Volume 9, Number 3, June 2018, pages 144-152

Red Cell Distribution Width and Mortality in Patients With Acute Coronary Syndrome: A Meta-Analysis on Prognosis

The red cell distribution width (RDW), a routinely reported parameter in the complete blood count of most laboratories, is a numerical measure of the variability in size of circulating erythrocytes [1]. A higher RDW value indicates greater variation in size, and is the objective equivalent of anisocytosis noted in peripheral blood smears [2]. It has found utility in the work-up for the differential diagnoses of microcytic anemia [3-4].

The past decade has seen a rise in studies focusing on the use of RDW as a novel marker of prognosis and severity of several cardiovascular diseases. For example, Isik et al [5] demonstrated that a high RDW was an independent predictor not only of angiographically documented coronary artery disease (CAD), but also of more complex coronary artery lesions, as reflected by higher SYNTAX (Synergy between PCI with Taxus and Cardiac Surgery) scores.

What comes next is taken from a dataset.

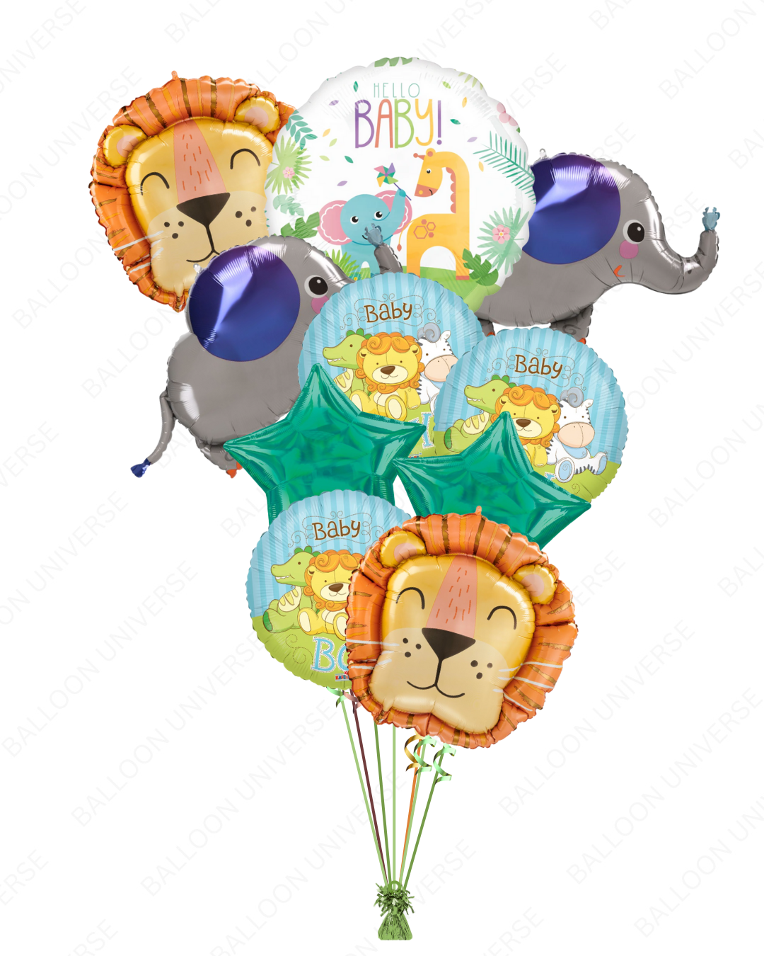 Adorable Jungle Theme Hello Baby Balloon Bouquet (Helium Filled)

Research examining other diseases attributed to atherosclerosis, such as ischemic stroke and peripheral arterial disease (PAD), yielded similar findings. Jia et al [6] showed that elevated RDW was significantly and independently associated with carotid intimal medial thickness (IMT, a surrogate measure of progression of carotid atherosclerosis), and this was correlated clinically in a study by Kim et al [7], where they found that RDW was also associated with poor functional outcome and all-cause mortality at 3 months post-ictus. For patients with PAD, RDW was seen to increase gradually across Fontaine classification stages in a paper by Demirtas et al [8], while Ye et al [9] noted that a 1% incremental increase in RDW was associated with a 10% greater risk of all-cause mortality.

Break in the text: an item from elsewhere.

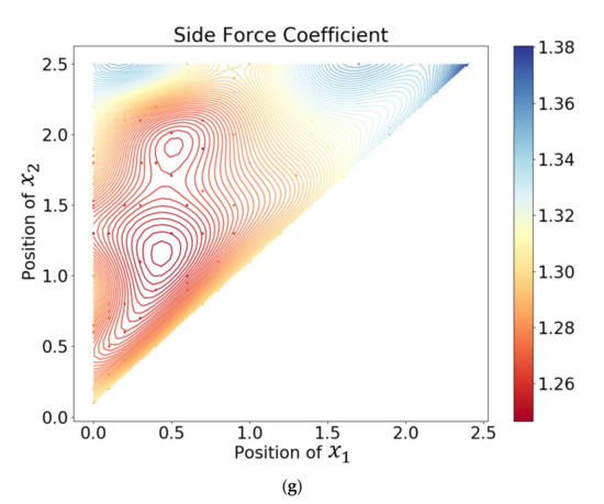 Figure 9a–c shows the relationship between the positions of the braking plate and the aerodynamic loads in the form of a three-dimensional (3D) format. Although the three-dimensional image allows us to intuitively understand the shape of the function, it is also difficult to see the full appearance of the function because of the occlusion of the curved surface. Therefore, we supplement Figure 9e–g. The subfigures show the relationship between the positions of the braking plate and the aerodynamic load in the form of a contour map and use color to indicate the amplitude of the aerodynamic load. The denser the contour lines’ distribution, the more drastic the aerodynamic load changes in this area. The points in Figure 9e–g are the sample points of the surrogate model. We observed that the color difference between most of sample points and the contour lines is so small that some points are even difficult to identify. This also indicates that the mapping precision of the surrogate model is high. The specific distribution of sample points is shown in Figure 9d. The entire design space is a triangle in the coordinate system because of the constraint of inequality (21). The sample points are located inside or on the boundary of this triangle. From a global perspective, the average differences between the drag, side force, and lift coefficients by the Kriging model and the CFD simulation are 2.474%, 2.944%, and 0.791%, respectively. Therefore, the global accuracy of the Kriging method used in this article is relatively high. But, considering that CFD simulation will have errors compared with experimental values, the surrogate model is constructed based on simulation values, so there will inevitably be a superposition of errors. Therefore, we should pay more attention to areas with obvious trends shown by the model, such as extreme areas, because these areas show strong consistency in both simulation value and model output values. In addition, the extreme value areas are also areas of more concern in engineering.

In terms of atrial fibrillation (AF), RDW was observed to be an independent predictor for the development of nonvalvular AF [10]. It also had predictive value for post-operative AF in patients undergoing elective on-pump cardiac surgeries [11, 12], as well as the risk for both all-cause mortality and major adverse cardiovascular events (MACEs) in patients already with AF at baseline [13]. Beginning with Felker’s landmark study [14], there have been an extensive number of studies published regarding the significance of RDW in heart failure (HF) patients, and a meta-analysis by Huang et al [15] concluded that increased RDW, whether at baseline or upon discharge, was associated with poor HF prognosis.

Since prognosis ultimately affects the urgency and aggressiveness of acute coronary syndrome (ACS) management, our group wished to focus on this particular subset of CAD patients. We therefore synthesized the available evidence involving patients with ACS to determine the association between RDW and mortality for this specific population. Our objectives are: 1) To determine the association of RDW with mortality in patients with ACS; 2) To determine the association of RDW with MACEs in patients with ACS.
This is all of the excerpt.